К горлу подкатил комок, и я еле слышно пискнула:

– Дим…

– Ну?

– Ты сердишься?

Над таким, казалось бы, простым вопросом Брусникин размышлял довольно долго. Молчание мужа беспокоило и не предвещало ничего хорошего. Я бы, честно говоря, предпочла, чтобы он ругался, топал ногами и грозился исправительно-трудовыми работами по дому пожизненно. Наконец Димка печально вздохнул:

– Да нет, какой с этого толк? Одного понять не могу: почему все неприятности липнут именно к вам? Или вы к ним? Специальный магнит у вас внутри, что ли…

Вопрос относился к категории риторических и ответа не требовал. Я плотнее прижалась к мужу и на всякий случай всхлипнула. Димка, как и все мужчины, до судорог боится женских слез.

Он вздрогнул и принялся наглаживать меня по спине:

– Афонь, ты чего? Да не реви, все ведь кончилось… Для вас во всяком случае. А вообще-то вы молодцы.

– Правда? – я робко улыбнулась, заглядывая Димке в глаза.

– Правда, правда, – чмокнул меня в нос Брусникин, но тут же сердито насупил брови:

– Но чтоб это было в последний раз!

– Ага, – легко согласилась я, – твердо веря, что так оно и будет. Вспомнив, зачем шла на кухню, я озабоченно произнесла:

– Клавка что-то не в себе. Тоша говорит, сильный шок. Чего делать – ума не приложу…

– Водки ей налей и спать уложи. К утру от Клавкиного шока и следа не останется, разве что головная боль.

– Я тоже так думаю, – кивнула я, радуясь, что не ошиблась в выборе лекарства для сестры.

Полчаса спустя явились коллеги Брусникина и увезли Степку. Вместе с ребятами уехал и сам Димка, заявив, чтоб мы его не ждали, а ложились спать. При этом он подозрительно покосился на Антона Константиновича, но вовремя вспомнил, что Клавка объявила хирурга своим женихом, и благоразумно промолчал, однако я успела заметить в его глазах изрядную долю сомнений.

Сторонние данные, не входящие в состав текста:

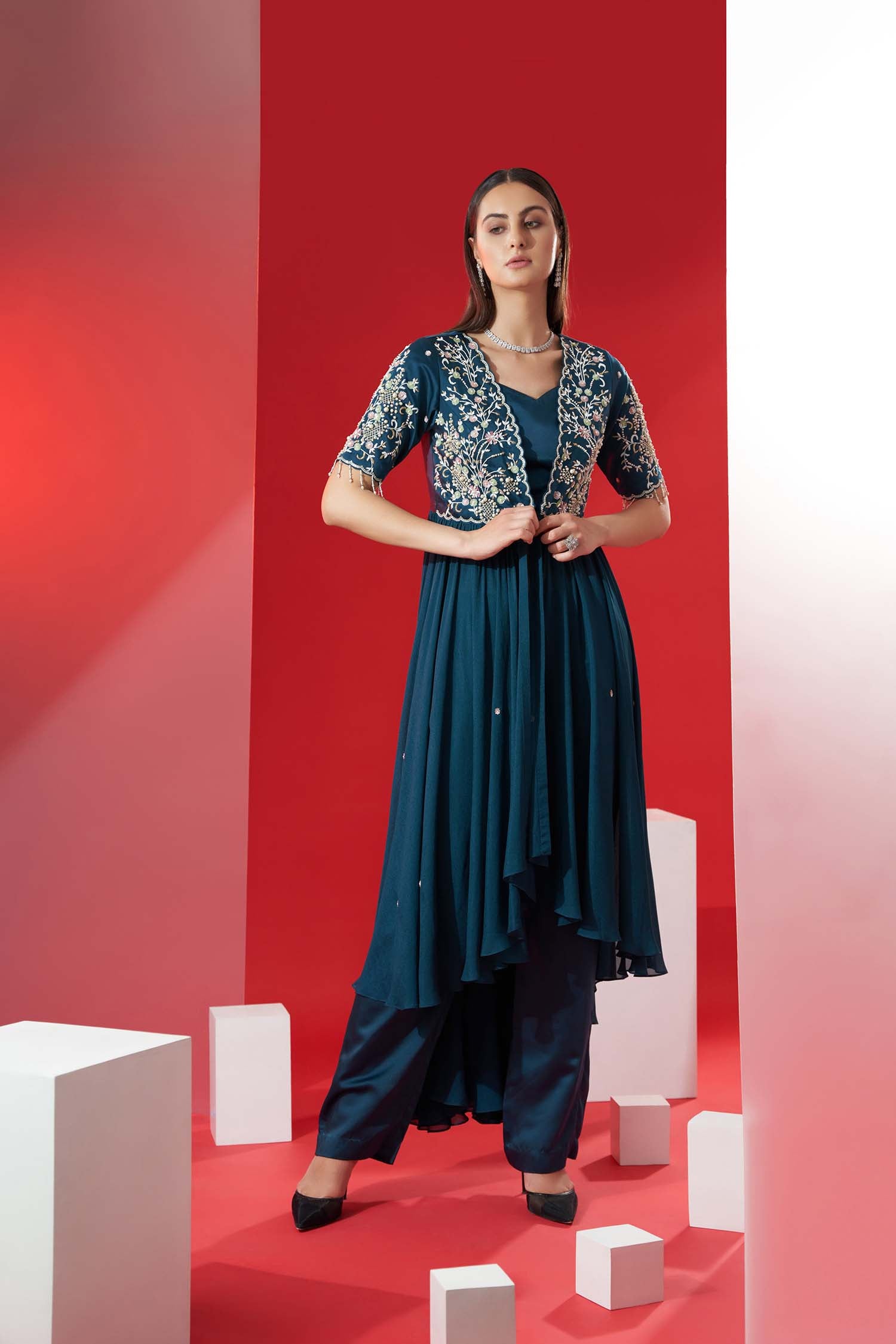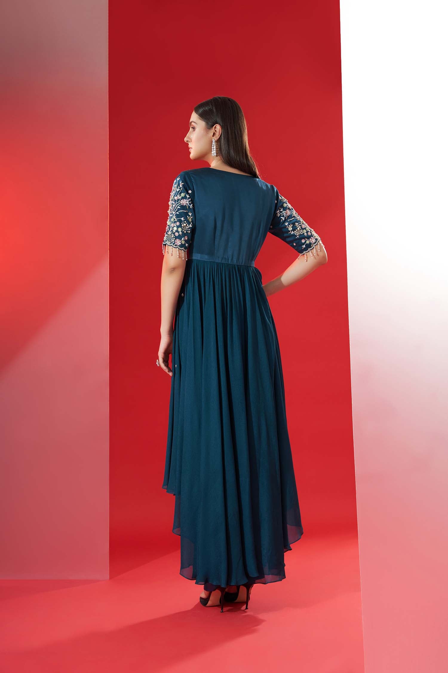 Teal Angrakha Style Anarkali with Flared Sleeves and Banarasee Bandhani Dupatta

Мы остались втроем: я, Клавка и рыжий Тоша. Все молча переживали и выглядели, мягко говоря, уставшими.

– Пошли на кухню. Лечиться будем, – скомандовала я.

Возражений не последовало. Вскоре мы сидели за столом и дружно пытались справиться с ударной дозой народного лекарства.

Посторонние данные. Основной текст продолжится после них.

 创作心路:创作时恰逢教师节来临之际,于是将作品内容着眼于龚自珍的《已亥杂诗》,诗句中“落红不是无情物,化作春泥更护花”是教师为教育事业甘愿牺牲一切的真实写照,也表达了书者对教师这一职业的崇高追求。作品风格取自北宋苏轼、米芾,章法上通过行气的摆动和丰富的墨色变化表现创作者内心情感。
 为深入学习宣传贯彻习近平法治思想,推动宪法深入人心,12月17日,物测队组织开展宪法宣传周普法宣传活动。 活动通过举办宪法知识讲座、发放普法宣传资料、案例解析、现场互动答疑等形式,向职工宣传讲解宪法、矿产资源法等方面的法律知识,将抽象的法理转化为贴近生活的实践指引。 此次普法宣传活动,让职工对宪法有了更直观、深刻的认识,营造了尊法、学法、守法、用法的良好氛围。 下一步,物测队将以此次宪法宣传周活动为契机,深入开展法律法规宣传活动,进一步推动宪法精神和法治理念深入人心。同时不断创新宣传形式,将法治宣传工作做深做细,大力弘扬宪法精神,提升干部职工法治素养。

– Уф, ну и крепкая, зараза! – выдавил Тоша, глубоко вдыхая запах кусочка «черняшки». – Я ведь не пью совсем, но тут такой случай…

– Непьющие мужчины крайне подозрительны, – сообщила Клавка и попыталась сфокусировать взгляд на покрасневшем лице Филиппка. – Впрочем, занюхиваешь ты вполне профессионально.

– Не цепляйся к человеку, – махнула я рукой. – Молодой он еще, жизни не нюхал. Работа у парня нервная, так что еще дозреет. Думаешь, легко каждый день людей резать и в их внутренностях ковыряться? Ты, Антон Константинович, лучше объясни нам, что это такое – лихорадка Ласса? Она в самом деле так опасна, как я предполагаю?

Тоша опечалился:

– Вы, девчонки, меня переоцениваете. Если по общей терапии я имею некоторое представление, то вирусология для меня почти такая же терра инкогнита, как и для вас.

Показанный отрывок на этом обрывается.